Nampa's biggest shopping center has been three different things in under twenty years. Tracing that arc explains more about Treasure Valley commercial real estate than any single market report, because the same forces that built it, broke it, and are now rebuilding it are reshaping retail, office, and industrial property across the fastest-growing corner of Idaho.
A 65-acre bet on big-box retail
The center opened at the top of the last cycle. Developer Diversified Realty built it across more than 65 acres at the Garrity Boulevard interchange on Interstate 84, and it opened on August 3, 2007 with a JCPenney — the chain's return to Nampa after a 19-year absence. The anchors arrived quickly. Macy's announced in 2008 that it would leave the aging, enclosed Karcher Mall for the new open-air center, opening there in October 2009. A new 35,000-square-foot Sports Authority followed in 2009, and Nampa's second Edwards Cinemas opened in November 2010.
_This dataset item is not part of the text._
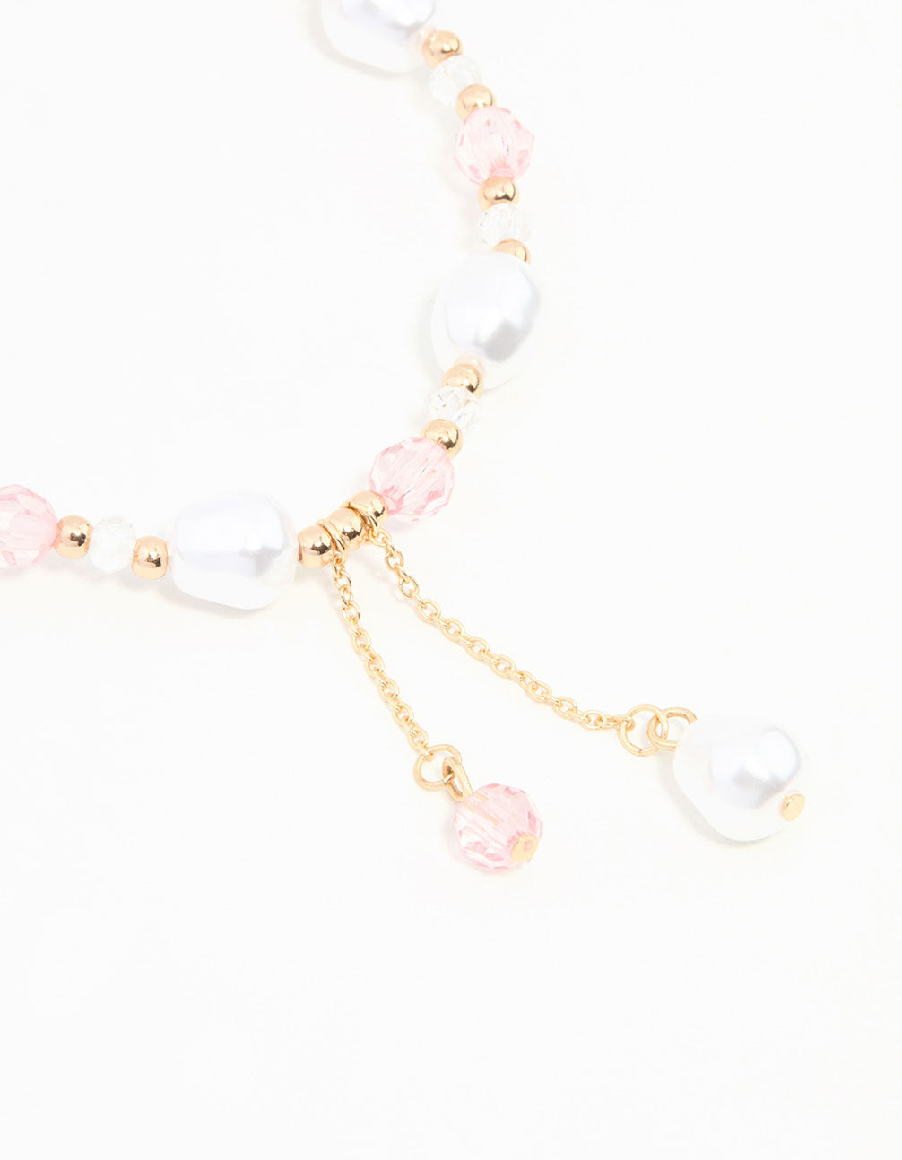 Pink & Gold Beads & Pearls Stretch Bracelet

The timing was unfortunate. A power center built around national department stores and category-killer big boxes was exactly the format about to be squeezed from two directions at once: the 2008 financial crisis gutted consumer spending, and e-commerce began pulling the floor out from under mid-tier apparel and sporting-goods retail over the decade that followed. The center opened into the worst possible decade for its own business model.
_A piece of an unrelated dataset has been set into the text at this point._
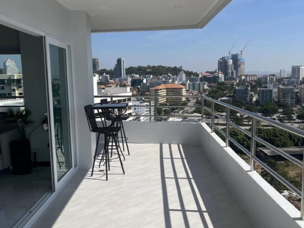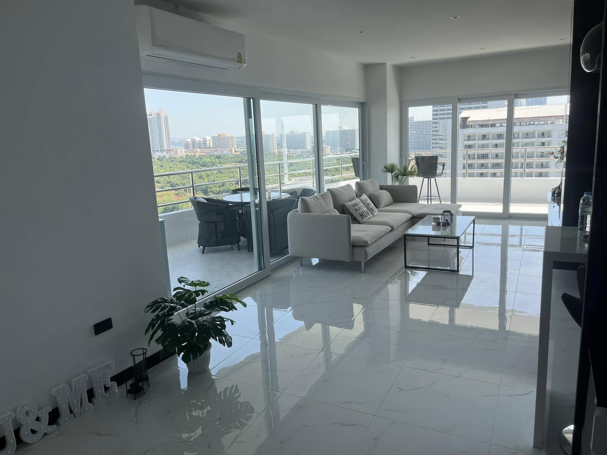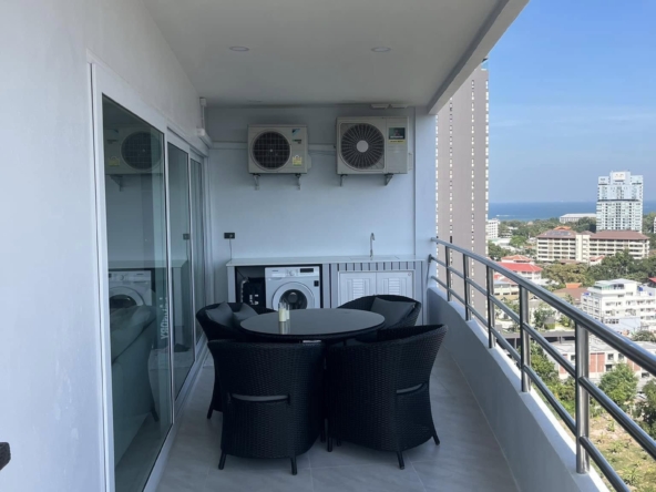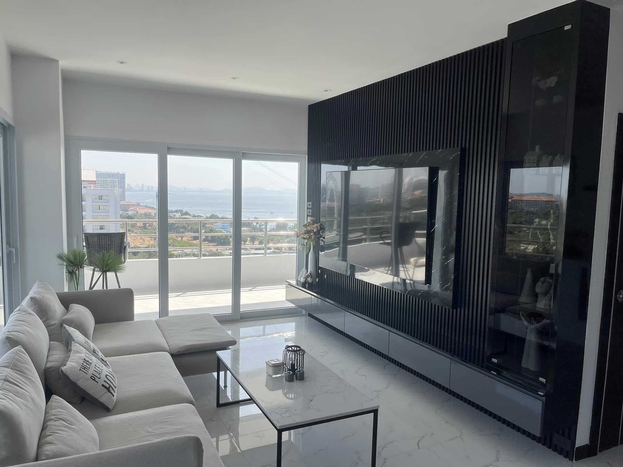 Luxury sea view condo, spacious corner unit, 100m to beach, large swimming pool, prime location near shopping centers, restaurants, bars, and Walking Street tourist area.

When the lifestyle center won
The competitive blow came from the east. In 2013, CenterCal Properties opened the Village at Meridian on Eagle Road — an open-air "lifestyle center" built around restaurants, a fountain, events, and a walkable layout rather than anchor department stores. The Village thrived and became the Treasure Valley's regional shopping destination; Gateway languished by comparison, stranded a few exits west with a format shoppers were abandoning.
The closures followed in sequence, as BoiseDev has documented. Sports Authority went under nationally and shut its Gateway store in January 2016. Macy's announced its exit in early 2017 and closed that April. Edwards Cinemas went dark in 2022. Within roughly six years the center lost the anchors it had been designed around — the same pattern that hollowed out enclosed malls and department-store-anchored power centers across the country.
New owners, a new thesis
The logic is the "experience economy" thesis now driving retail leasing nationwide: a trampoline park, a gym, a climbing wall, or a sit-down restaurant sells something a shopper cannot buy on a phone. Service and entertainment tenants are far more resistant to e-commerce than apparel or electronics, and they draw repeat visits that anchor the rest of a center. For a property that lost its department stores, replacing them with destination uses is less a cosmetic refresh than a different real-estate product.
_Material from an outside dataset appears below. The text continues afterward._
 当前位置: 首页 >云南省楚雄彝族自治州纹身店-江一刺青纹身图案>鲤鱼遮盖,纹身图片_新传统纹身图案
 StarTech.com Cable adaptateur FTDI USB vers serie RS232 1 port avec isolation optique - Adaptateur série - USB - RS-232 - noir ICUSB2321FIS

The Treasure Valley pattern
Gateway's story is the regional story in miniature, and it cuts two ways. On one hand, the older formats are fragile: enclosed malls like Karcher and department-store-anchored power centers have struggled across the valley as national chains retrench, and a center can lose its reason for existing in a single leasing cycle. On the other hand, demand for well-located commercial space keeps rising, because the Treasure Valley is one of the fastest-growing metros in the country. Idaho's population has grown near the top of the national rankings for years, and the Boise metro has expanded faster than almost any large metro in the West. Tens of thousands of new residents a year need groceries, gyms, clinics, restaurants, and services close to where they live.
The result is a bifurcated market. Generic, internet-exposed retail in the wrong format struggles, while necessity retail and experiential uses near new rooftops lease quickly — often in mixed-use or lifestyle layouts rather than the big-box power centers of the 2000s. The winning question for owners is no longer "how do we fill this box" but "what mix of uses keeps people coming back."
What it means for owners and investors
Three lessons carry over to anyone underwriting Treasure Valley commercial property. First, format risk is real: a center is only as durable as its tenants' resistance to e-commerce and their fit with how the surrounding community actually shops. Second, repositioning beats replacement — Gateway's owners did not bulldoze the center, they re-tenanted and re-skinned it, which is usually faster and cheaper than ground-up redevelopment when the bones and location are sound. Third, follow the rooftops: in a region adding residents this fast, the most defensible retail, medical-office, and small-bay industrial space is the kind that serves nearby population growth rather than competing for a shrinking pool of regional department-store traffic.
The Sugar District's buildout will be a live test of the experiential thesis in a secondary Treasure Valley location rather than a prime Eagle Road corridor. If service and entertainment tenants can make a former power center work off the Garrity interchange, it points the way for the valley's other aging retail. And the broader pattern is unlikely to reverse: as long as the Treasure Valley keeps growing, commercial real estate here will keep rewarding the owners who match format to demand — and punishing the ones who bet on yesterday's anchor.